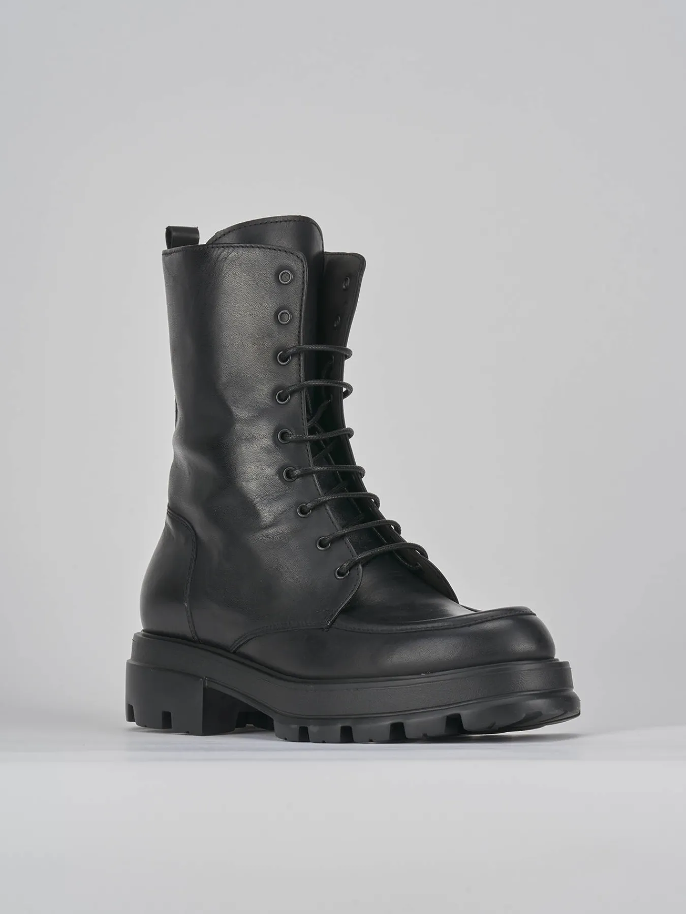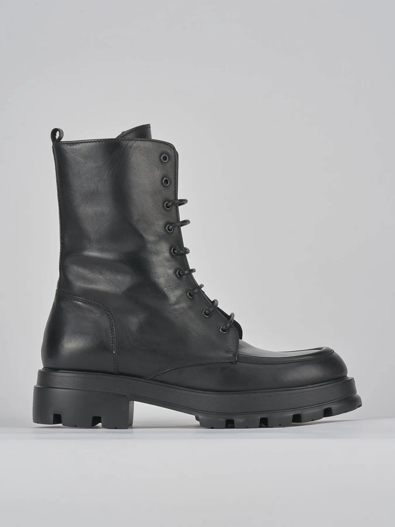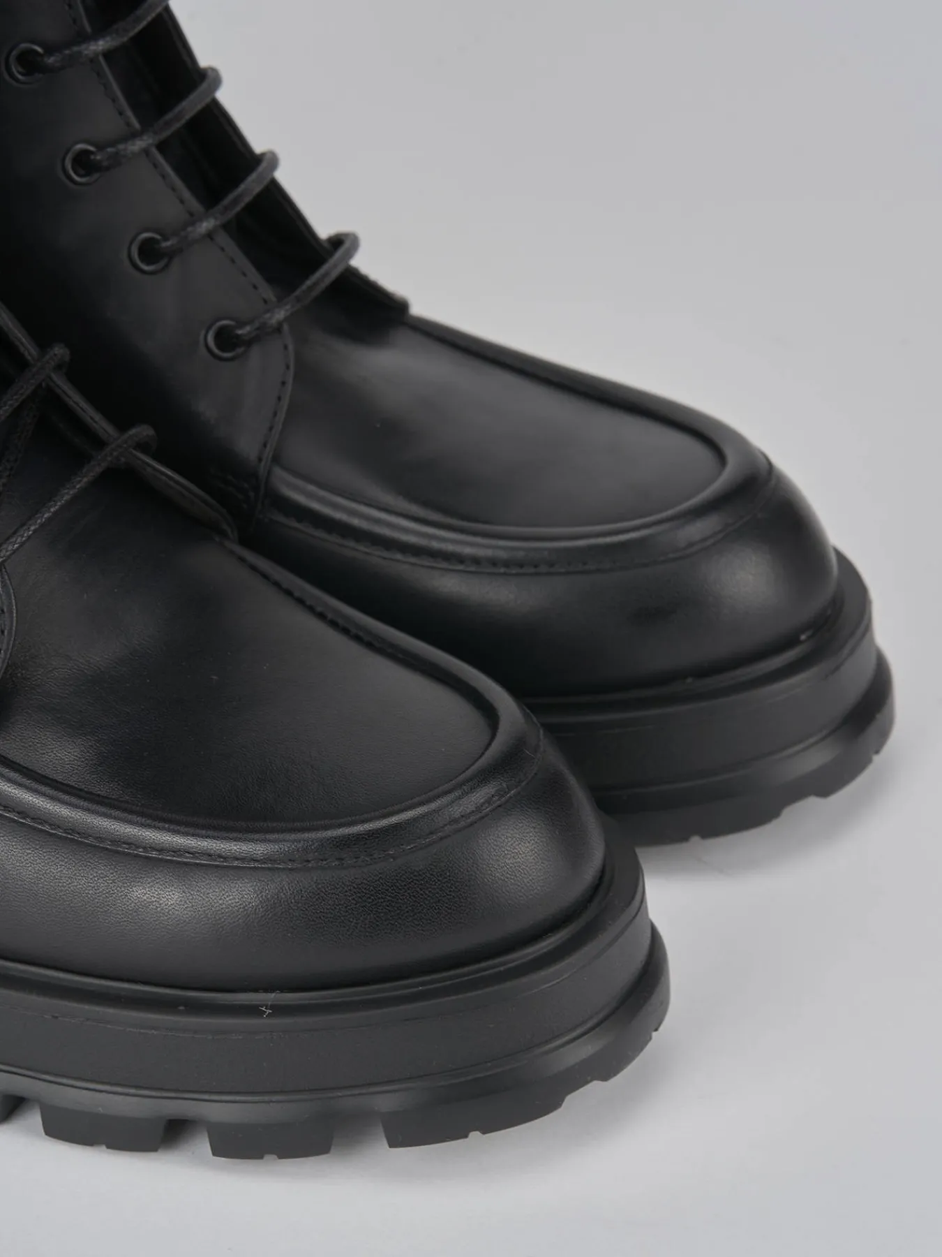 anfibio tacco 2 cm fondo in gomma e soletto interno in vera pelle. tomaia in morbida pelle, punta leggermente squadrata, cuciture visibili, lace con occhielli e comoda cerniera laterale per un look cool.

==

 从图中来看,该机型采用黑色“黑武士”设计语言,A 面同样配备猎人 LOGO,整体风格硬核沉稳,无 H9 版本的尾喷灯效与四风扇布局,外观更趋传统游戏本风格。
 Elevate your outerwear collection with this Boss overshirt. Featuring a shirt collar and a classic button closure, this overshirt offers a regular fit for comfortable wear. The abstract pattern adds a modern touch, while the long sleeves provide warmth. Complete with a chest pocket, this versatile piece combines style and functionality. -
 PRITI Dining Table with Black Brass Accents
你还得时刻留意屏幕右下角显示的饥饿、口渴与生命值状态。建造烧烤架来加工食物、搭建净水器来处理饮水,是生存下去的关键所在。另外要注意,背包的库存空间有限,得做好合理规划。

--

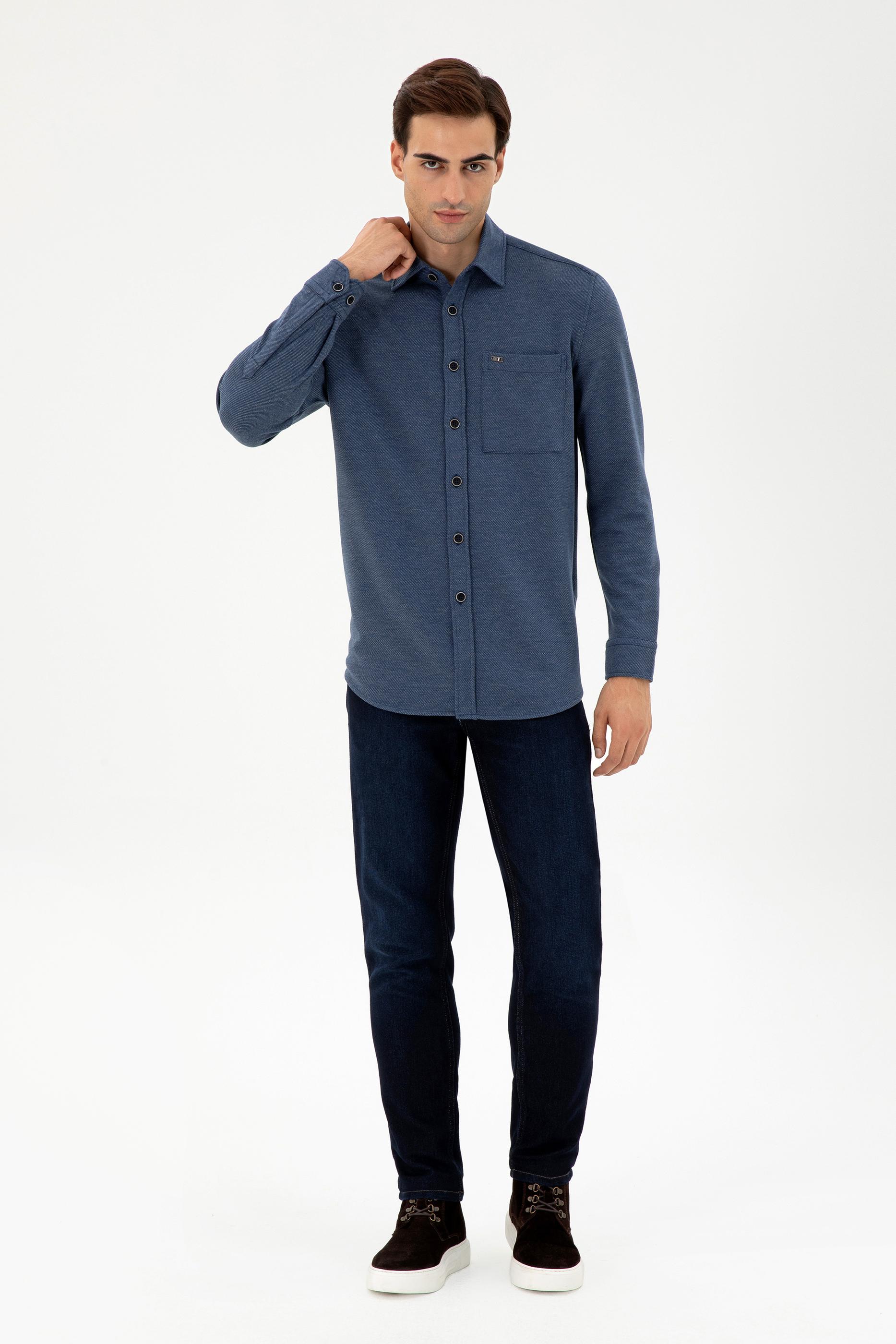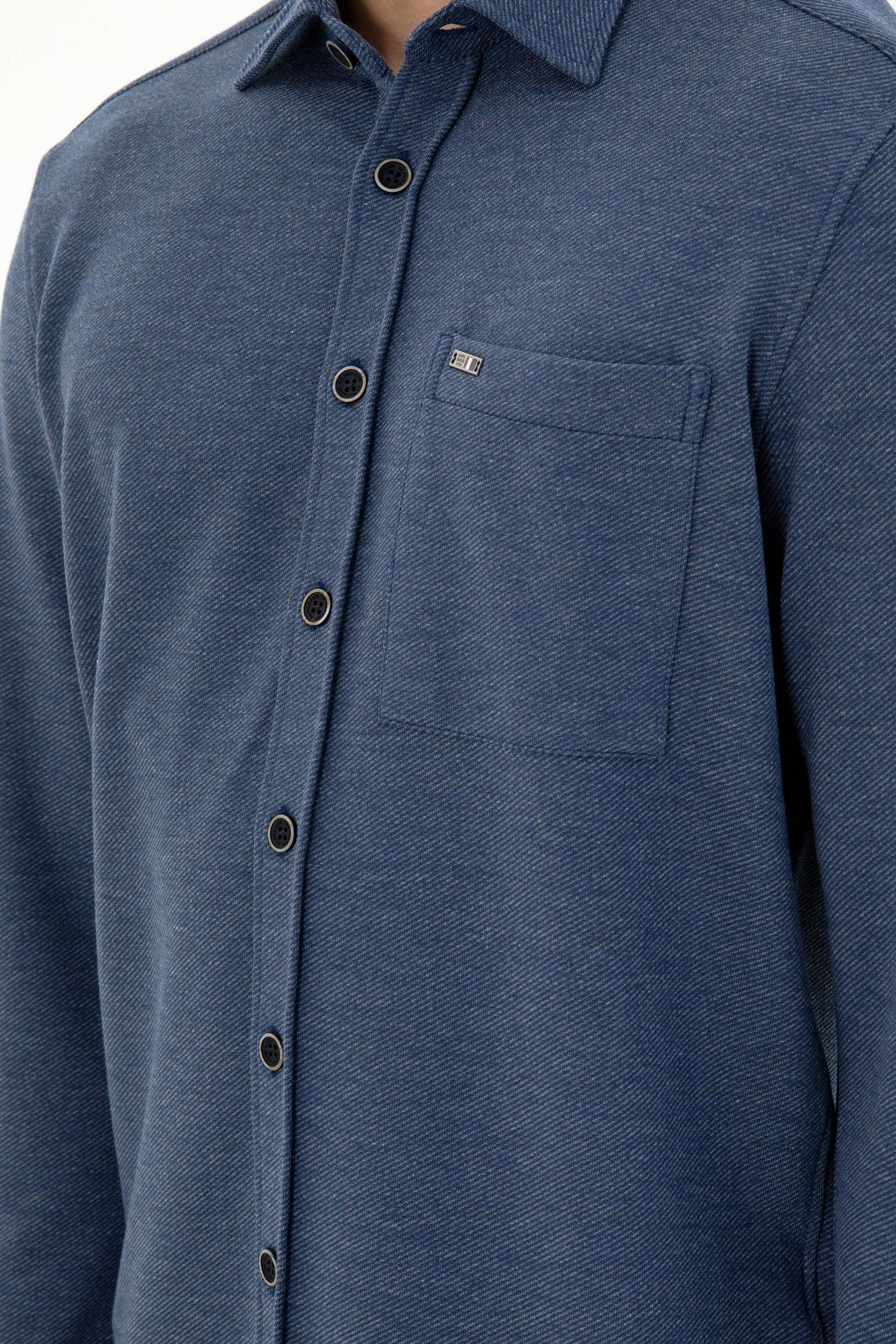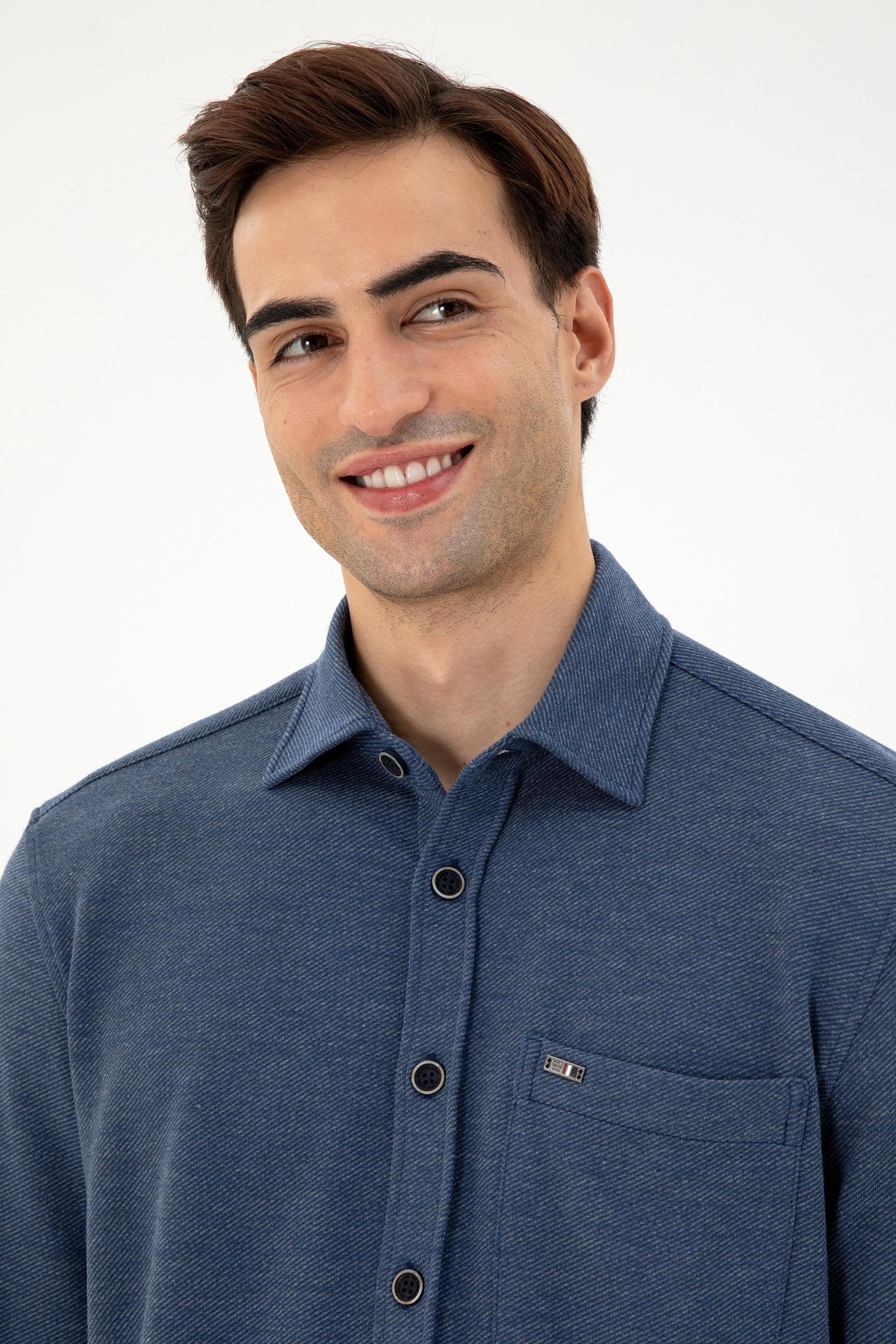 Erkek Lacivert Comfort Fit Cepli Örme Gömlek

How to complete this task ::
In the entries above, please find the line with "Elevate your outerwear" and the line with "你还得时刻留意屏幕右下角显示", then write out exactly those two lines and every line between them, and nothing more.

Reply ::
 Elevate your outerwear collection with this Boss overshirt. Featuring a shirt collar and a classic button closure, this overshirt offers a regular fit for comfortable wear. The abstract pattern adds a modern touch, while the long sleeves provide warmth. Complete with a chest pocket, this versatile piece combines style and functionality. -
 PRITI Dining Table with Black Brass Accents
你还得时刻留意屏幕右下角显示的饥饿、口渴与生命值状态。建造烧烤架来加工食物、搭建净水器来处理饮水,是生存下去的关键所在。另外要注意,背包的库存空间有限,得做好合理规划。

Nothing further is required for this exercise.